The semiconductor industry staged a strong comeback in 2024, fueled by growing demand across multiple sectors and the accelerating adoption of artificial intelligence.
However, the sector saw volatility in early 2025 after DeepSeek’s low-cost AI model raised concerns that AI development could shift away from high-performance chips, challenging the dominance of Silicon Valley players.
The sell-off was short-lived as experts dismissed fears of a fundamental shift in AI hardware demand.
Picks for you
With global semiconductor sales projected to reach $705 billion in 2025, according to Gartner, and infrastructure investment continues to rise, Finbold has identified two semiconductor stocks set for strong performance in 2025 and beyond.
Nvidia (NASDAQ: NVDA) stock
Nvidia (NASDAQ: NVDA) stands out as a compelling investment for 2025, backed by its market dominance in the AI semiconductor space.
The company commands over 90% of the data-center GPU market and more than 80% of AI processors, as reported by DataCenterDynamics, with its CUDA platform further strengthening its foothold by enabling seamless GPU programming.
After soaring 170% in 2024, Nvidia’s stock pulled back nearly 7% in 2025, closing at $125 on February 5, as concerns over competition from China’s DeepSeek AI and trade tensions weighed on investor sentiment.
Despite this short-term decline, rising AI infrastructure spending from Nvidia’s largest clients ensures sustained demand for its high-performance computing solutions.
For instance, Alphabet (NASDAQ: GOOGL) announced that it will allocate $75 billion in capital expenditures for 2025, a sharp increase from $52 billion last year, while Microsoft (NASDAQ: MSFT) and Meta Platforms (NASDAQ: META) plan to invest $80 billion and up to $65 billion, respectively.
Beyond big tech, Nvidia is also a technology partner for the $500 billion Stargate AI infrastructure project, a joint venture involving OpenAI, Oracle (NYSE: ORCL), and SoftBank (TYO: 9984) aimed at building AI infrastructure at scale.

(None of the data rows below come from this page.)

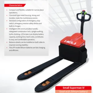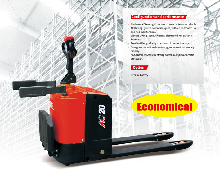 CBD20J-Li-SCBD20-ALIH là 2 mẫu xe nâng tay điện được Heli sản xuất có giá thành rẻ nhưng lại có hiệu suất cao. Xe được Heli tối ưu hóa về thiết kế và hiệu suất, tránh được nhiều các lỗi hư hỏng mà xe nâng tay điện khác thường gặp phải. CBD20J-Li-S và CBD20-ALIH là 2 mẫu xe bán chạy nhất tại thị trường Việt Nam cũng như thị trường quốc tế. Xe có tải trọng nâng tối đa 2 tấn, làm việc được liên tục lên tới 5 giờ và chỉ mất chưa đầy 2 tiếng để sạc đầy pin.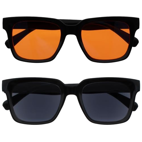 OPULIZE RA Orange lins solglasögon UV400-skydd anti-bländning rektangulära överdimensionerade solglasögon fjädergångjärn svart unisex 2-pack svarta färgade linser, Svarta, orange färgade linser 2-pack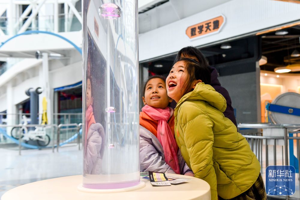 ↑ 2月6日,小朋友在江苏泰州科技馆体验科学实验装置。新华社发(杨玉岗摄)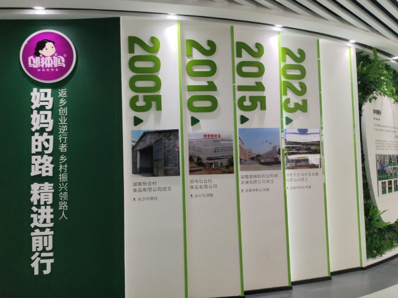 实践团于企业文化展厅见证了邬辣妈的发展轨迹:2005年,“湖南省怡合村食品有限公司”于长沙设立;2015年,其完成转型升级,更名为“邬辣妈农业科技发展有限公司”;2023年,总部正式落地桥头河镇。曾当选全国妇代会代表、娄底十大新闻人物的集团创始人邬文明表示:“企业起步虽难,但团队同心、以爱立业即可发展壮大。”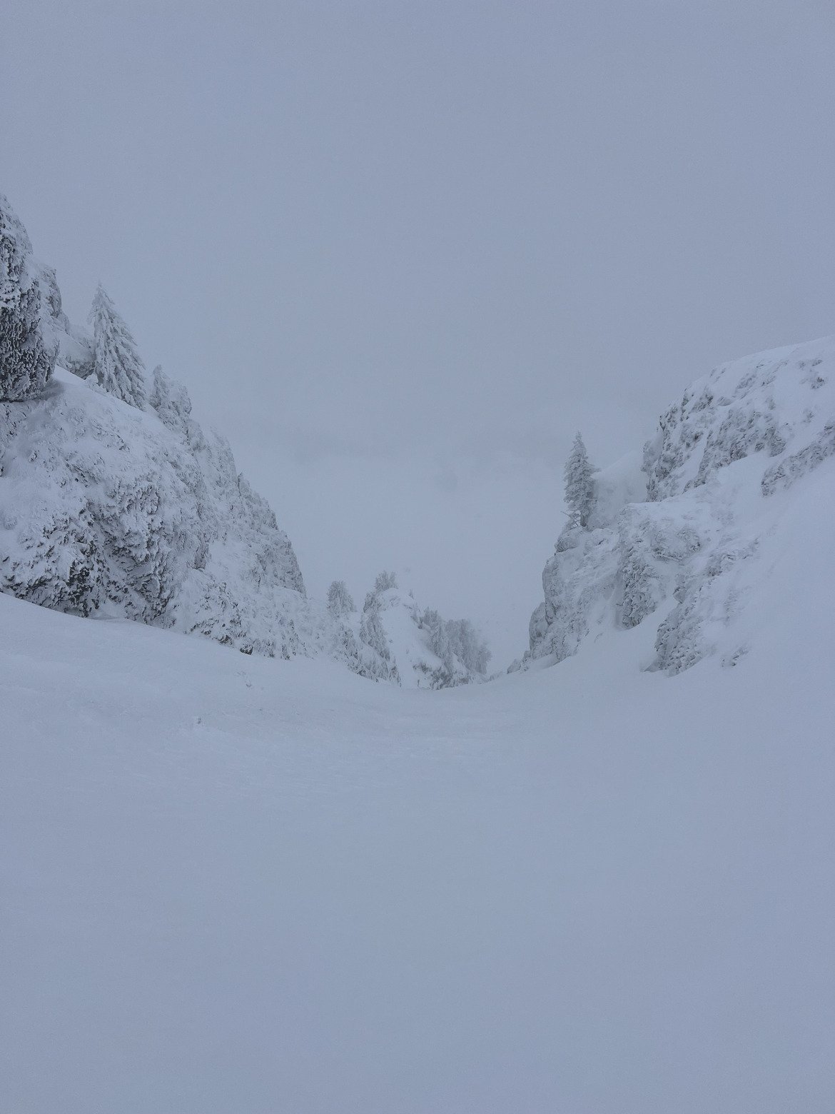 Les pistes sont pas mal avec une mini couche posée hier. Côte hors pistes y’a 3 couloirs du rocher de l’aigle qui ont des belles accumulations, attentions aux sharks des qu’il y a une crête. Il vaut mieux connaître l’accès, avec ce brouillard il y a risque de se perdre et d’arriver sur des barres rocheuses pas cool.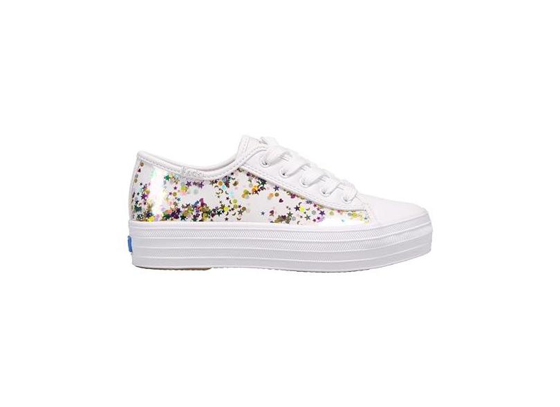 Keds Tênis feminino Triple Up-Glitter Under Glas (criança pequena), Branco/Glitter, 18
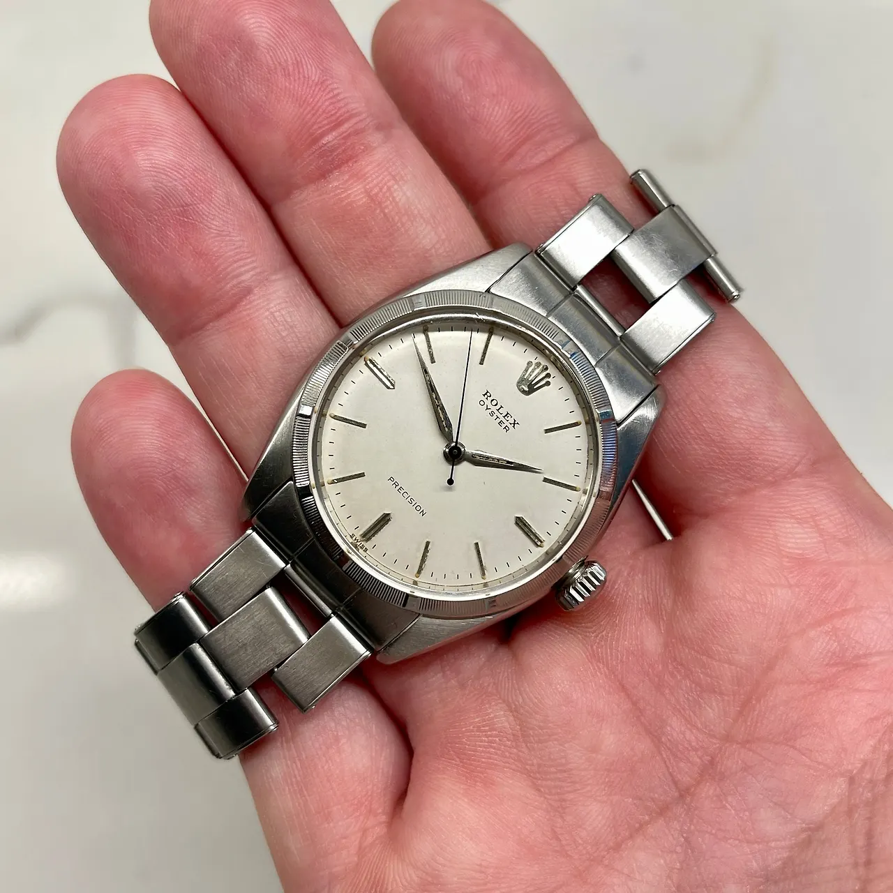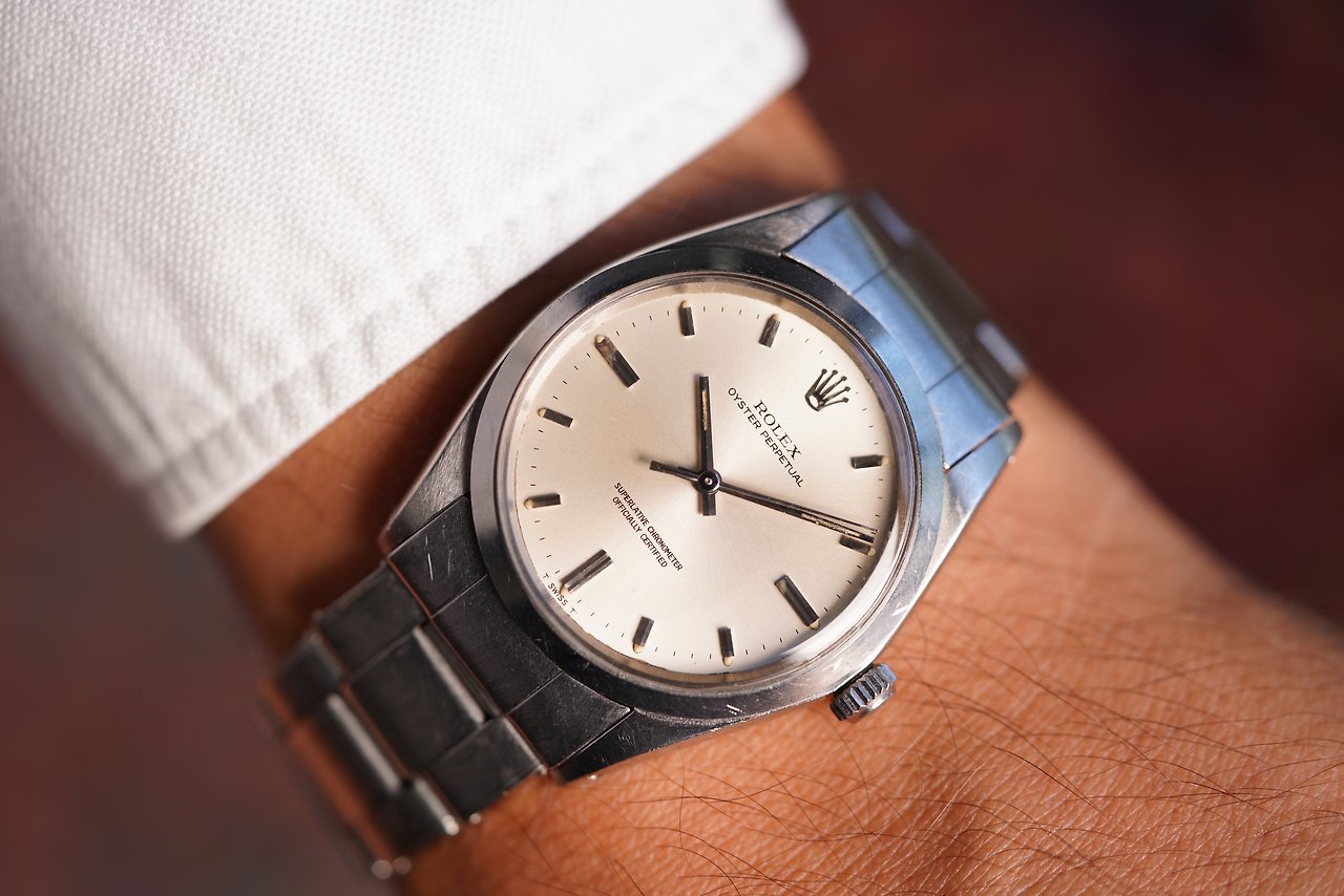 빈티지 롤렉스, 그중에서도 '오이스터' 모델은 간결하면서 명확한 디자인이 매력적인 라인입니다. 크기는 보통 34~36mm 정도이며 간결한 다이얼 디자인을 가졌습니다. 아이보리와 크림색 바탕의 다이얼이 특히 매력적입니다. 이 매력적인 아이템은 특히 1960년대부터 1980년대 모델에 많은 편이며, 빈티지 시장에 다양하게 보입니다.
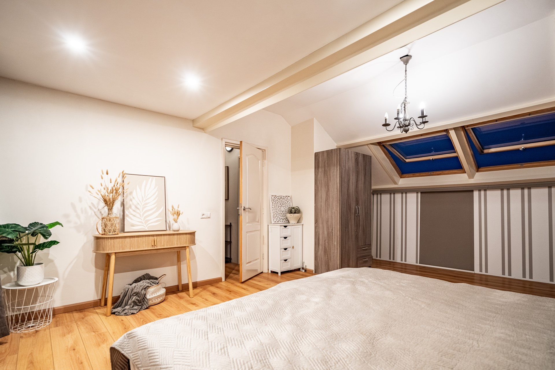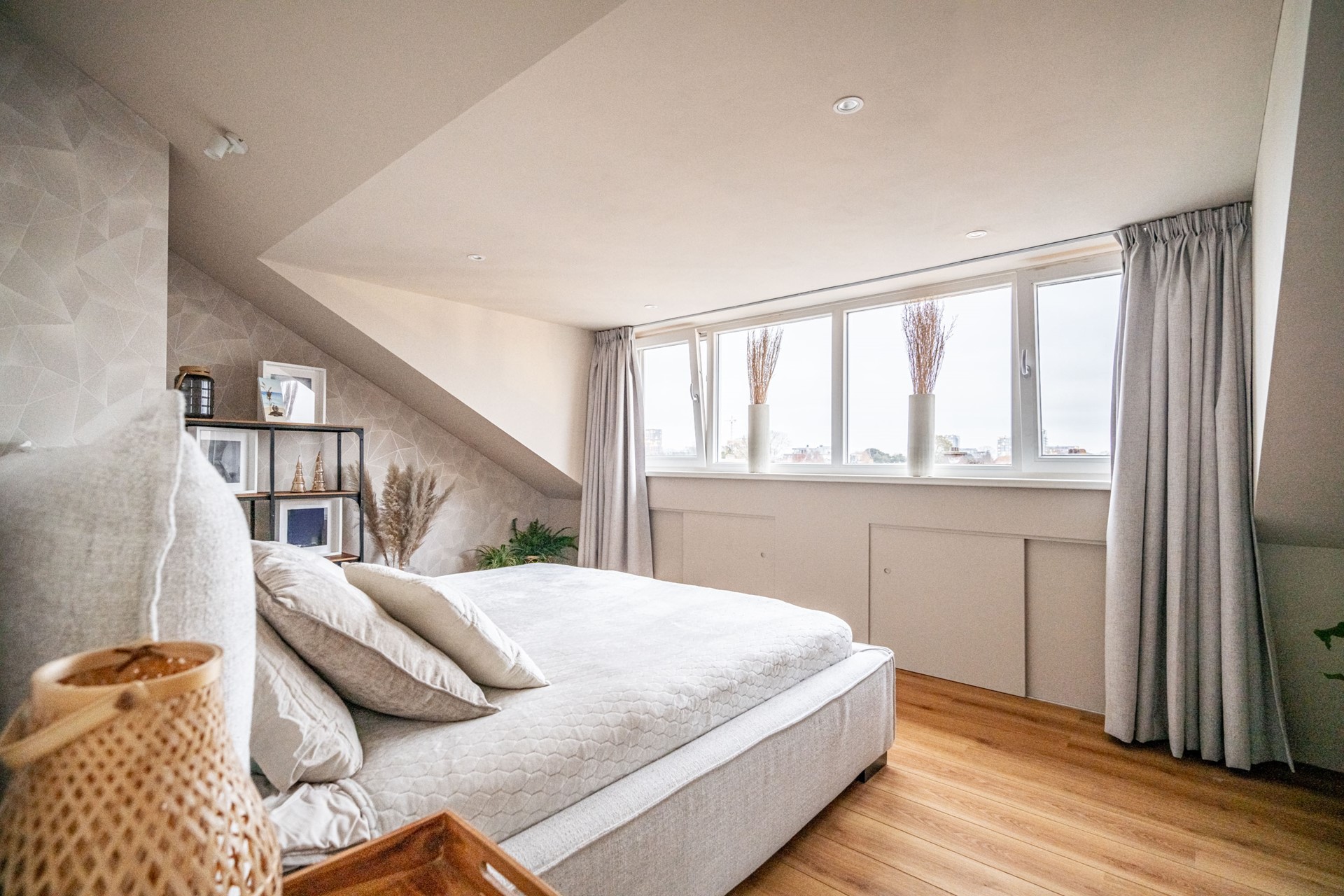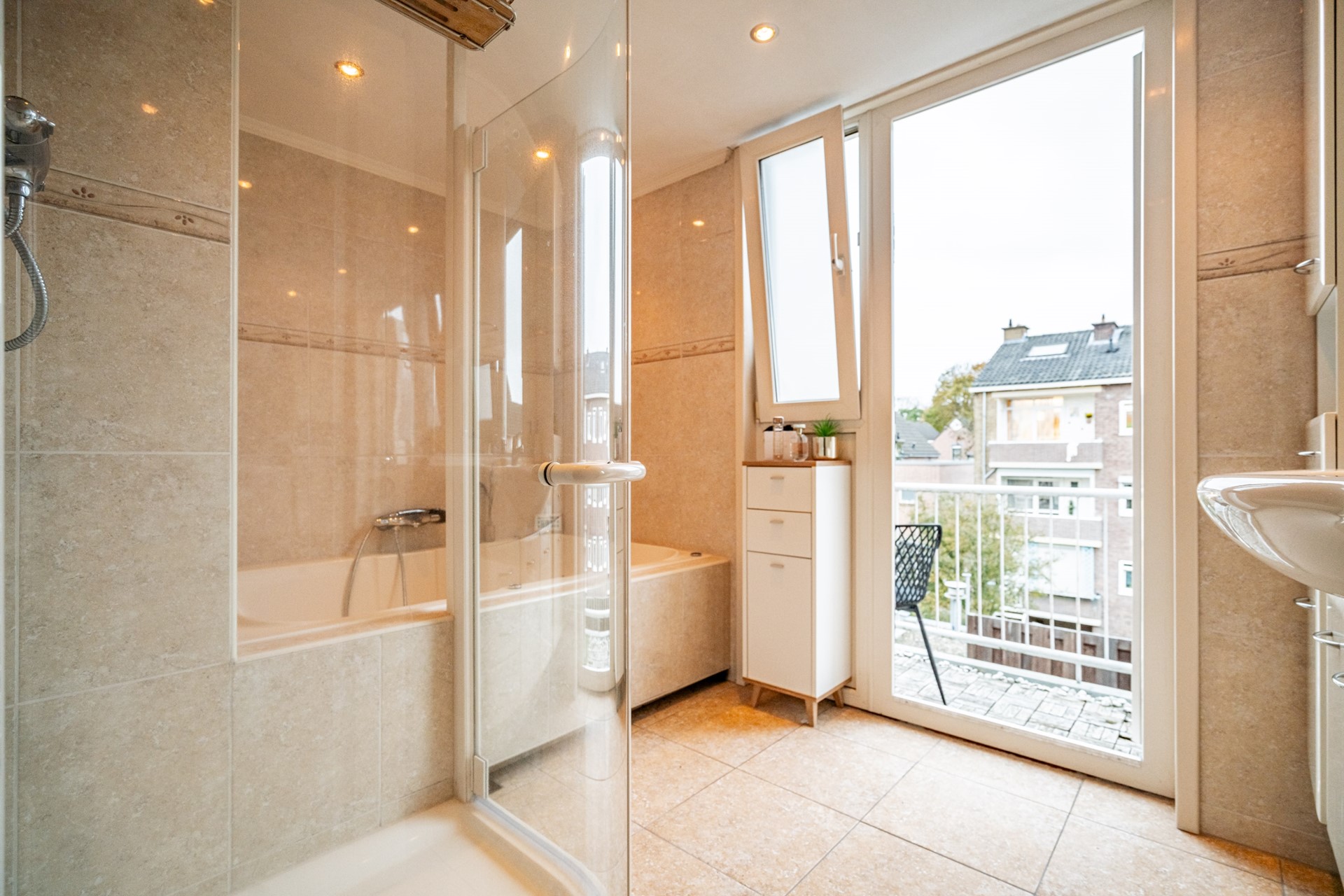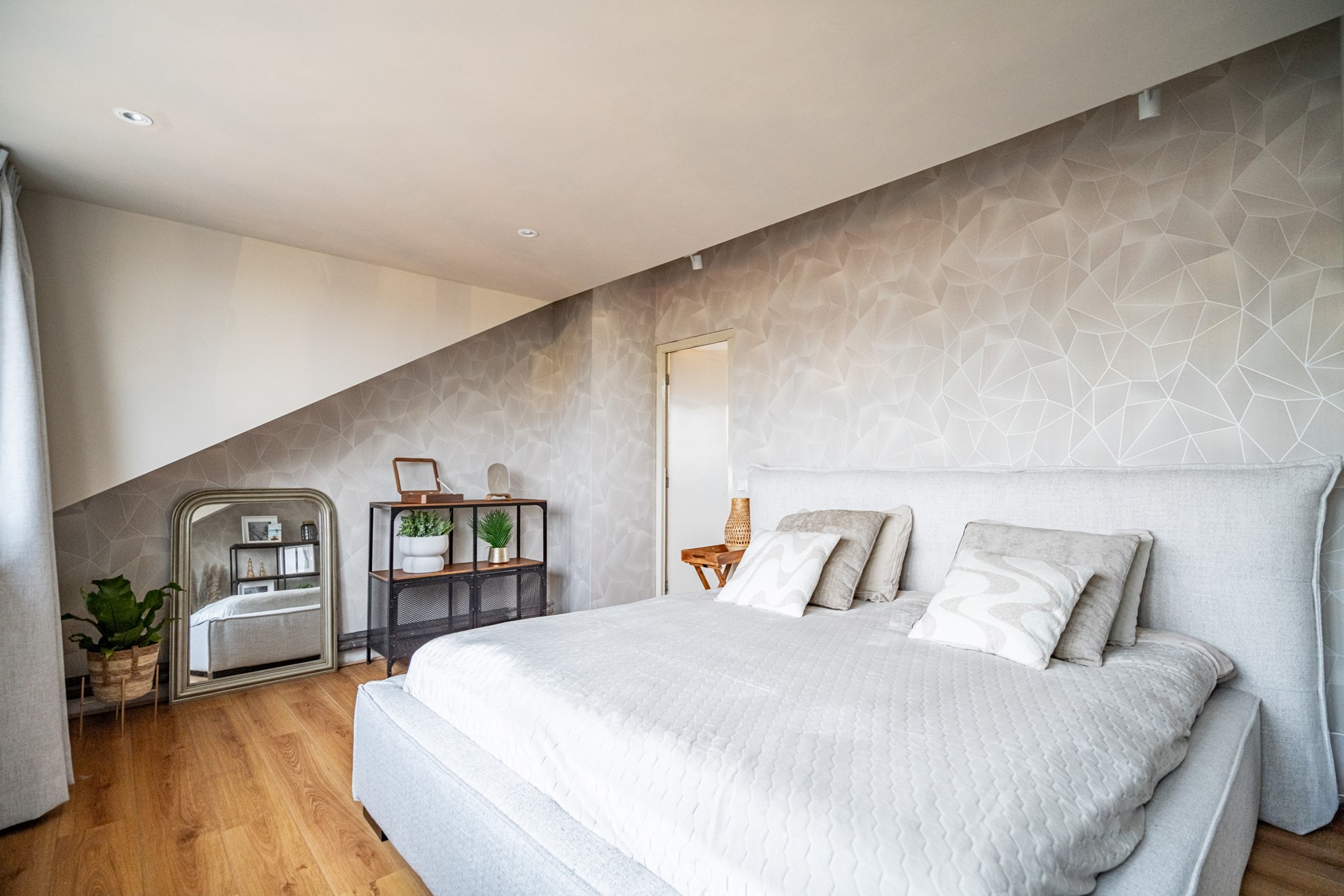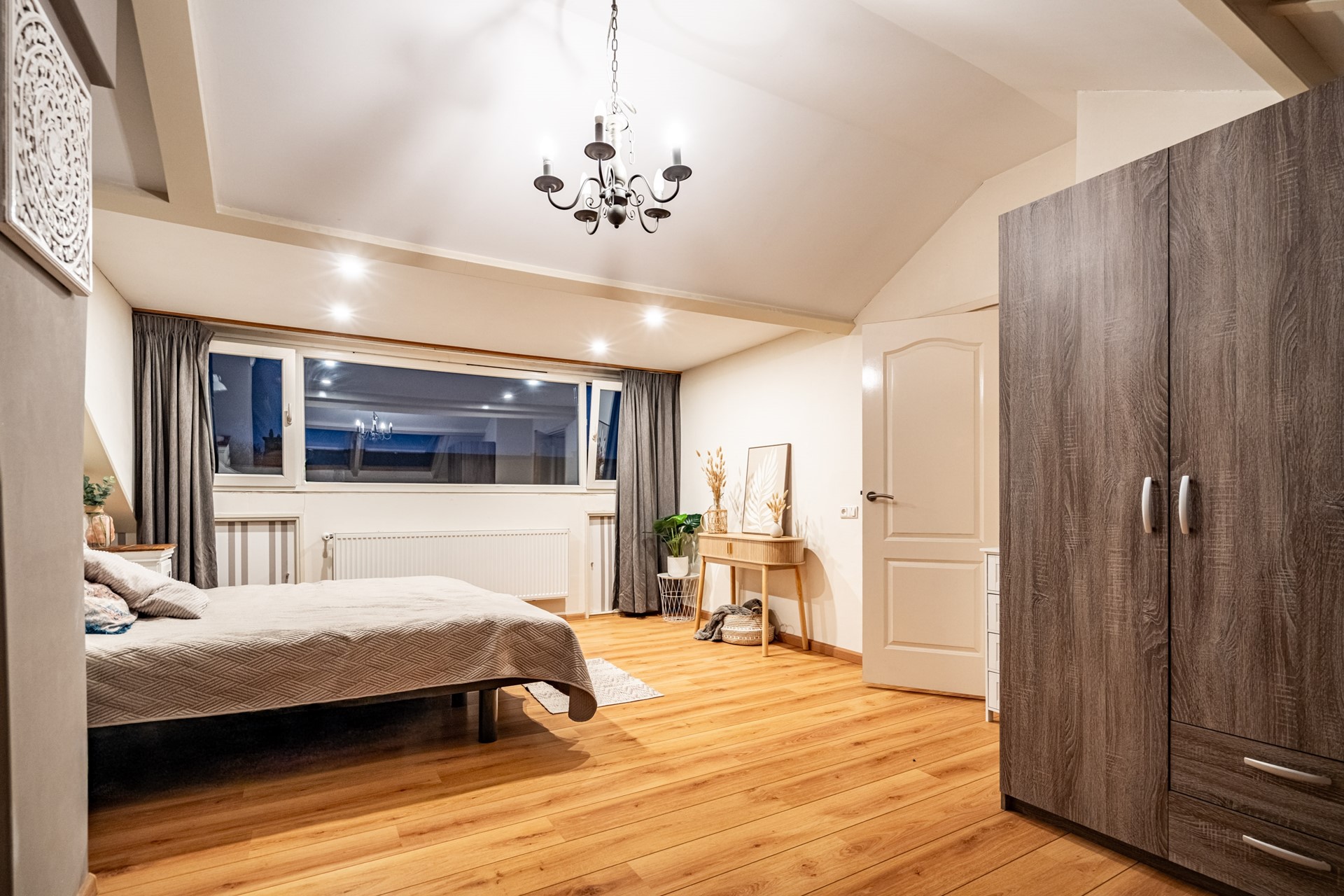Via de trap in de hal bereikt u de tweede verdieping van het appartement. Hier komt u uit op de overloop, die toegang biedt tot alle vertrekken. Er is een aparte technische ruimte met opstelplaats voor de cv-ketel en aansluitingen voor de wasmachine en droger. Verder is er erg veel bergruimte beschikbaar op deze verdieping. De masterbedroom is bijzonder ruim dankzij de ruime dakkapel en biedt meer dan genoeg plaats voor een groot bed en kastenwand. De derde slaapkamer is eveneens van goed formaat door de recent geplaatste dakkapel, en kan perfect dienen als kinderkamer of thuiskantoor.

The tariffs on China are unlikely to significantly impact Nvidia’s stock in the near term, as strong demand from key clients and high-margin products help offset potential challenges.
While supply chain costs may rise, China’s retaliatory tariffs focus on commodities like oil and coal, leaving Nvidia’s core business unaffected for now, though export controls on certain minerals used in chip production have been introduced.
Broadcom (NASDAQ: AVGO) stock
Another chipmaker that could benefit from rising AI infrastructure spending is Broadcom (NASDAQ: AVGO), which plays a key role in custom AI accelerators and networking solutions.
The company has already capitalized on AI-driven growth, generating $12.2 billion in AI hardware revenue in fiscal 2024, marking a 220% year-over-year increase.
AI-related sales now account for 24% of Broadcom’s total revenue, with the company projecting AI chip revenue between $60 billion and $90 billion by 2027.
As of the market close on February 5, Broadcom’s stock was trading at $232, up 4% on the day and 89% over the past year.
The stock had previously slumped 17% following the announcement of DeepSeek’s R1 AI model, as concerns mounted that AI development could become less hardware-intensive, potentially impacting demand for high-performance chips.
However, renewed confidence in AI infrastructure spending, driven by big tech’s aggressive investment plans, helped reverse sentiment.
Broadcom shares, for instance, rebounded 4% in a single day after Alphabet’s earnings report, with investors growing bullish on the company’s ability to capitalize on its advanced ASICs and expand its market share.
That being said, despite recent volatility sparked by DeepSeek’s AI model, the long-term outlook for semiconductor stocks remains strong as demand for high-performance computing continues to rise.
Both Nvidia and Broadcom are well-positioned to capitalize on this momentum, making them compelling buys for 2025 and beyond.